Joe McMahon

Personal information
- Born: 3 August 1983 (age 43) Omagh, County Tyrone, Northern Ireland
- Height: 1.92 m (6 ft 4 in)

Sport
- Sport: Gaelic football
- Position: Full Back/Full Forward

Club
- Years: Club
- 2001–: Omagh St Enda's

Inter-county
- Years: County
- 2004–2017: Tyrone

Inter-county titles
- Ulster titles: 3
- All-Irelands: 2

= Joe McMahon =

Irish Gaelic footballer (born 1983)

Joe McMahon is an Irish Gaelic football coach and former player. McMahon played for the Omagh St Enda's club and the Tyrone county team.

==Early life==
McMahon was part of the Omagh CBS MacRory Cup team that shared the title in 2001 (the scheduled replay was abandoned, due to restrictions of crowd gatherings amid a foot-and-mouth disease outbreak), and reached the final in 2002.

His younger brother, Justin, was captain of the Tyrone team that won the 2006 Ulster Under-21 Football Championship.

==Playing career==
A two-time All-Ireland SFC-winner, McMahon started the 2005 All-Ireland SFC final; though he had to be replaced because of injury, he became the first Omagh man to win an All-Ireland SFC title. He also started the 2008 All-Ireland SFC final at number 12, but played most of the game alongside his brother in the back line, helping to hold Kerry's "Twin Towers" of Donaghy and Walsh to 1 point.

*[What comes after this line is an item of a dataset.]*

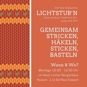 Gemeinsames stricken, häkeln, sticken und basteln ist im Hans-Lotter-Bürgerhaus ab jetzt möglich. Hier können sowohl Groß und Klein als auch Alt und Jung zusammen ihre Kreativität ausleben und sich gegenseitig unterstützen. Die Dörfles-Esbacher Lichtstub´n findet montags von 15:00 bis 16:30 Uhr im Bürgerhaus statt. Ist die kreative Ader geweckt worden? Dann schaut gerne bei uns vorbei! Auf Ihren Besuch freuen Sich Andrea Hink und Silke Lindemann.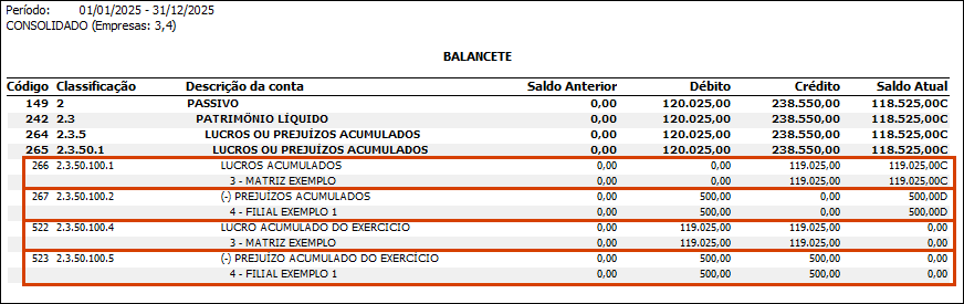 Antes de realizar o lançamento entre as empresas é necessário que seja avaliado por meio do Balancete os valores apurados de Lucro/Prejuízo para cada delas:

2008 was a career-defining year for McMahon, as he was switched between the forwards and backs on the Tyrone side throughout most of the season. In the quarter-final, while being one of a number of Tyrone players sporting a beard for the occasion, he scored a crucial goal against Dublin.

In October 2005, barely a month after his All-Ireland SFC win, McMahon was part of the Omagh St Enda's team that reached the Tyrone Championship final.

==Post-playing==
In 2018, McMahon joined the TTM Radio commentary team as match analyst.

McMahon was a coach of the Tyrone team that won the 2021 Ulster SFC and 2021 All-Ireland SFC titles. He joined the backroom management team of Robbie Brennan at Meath in 2024, but left in March 2025.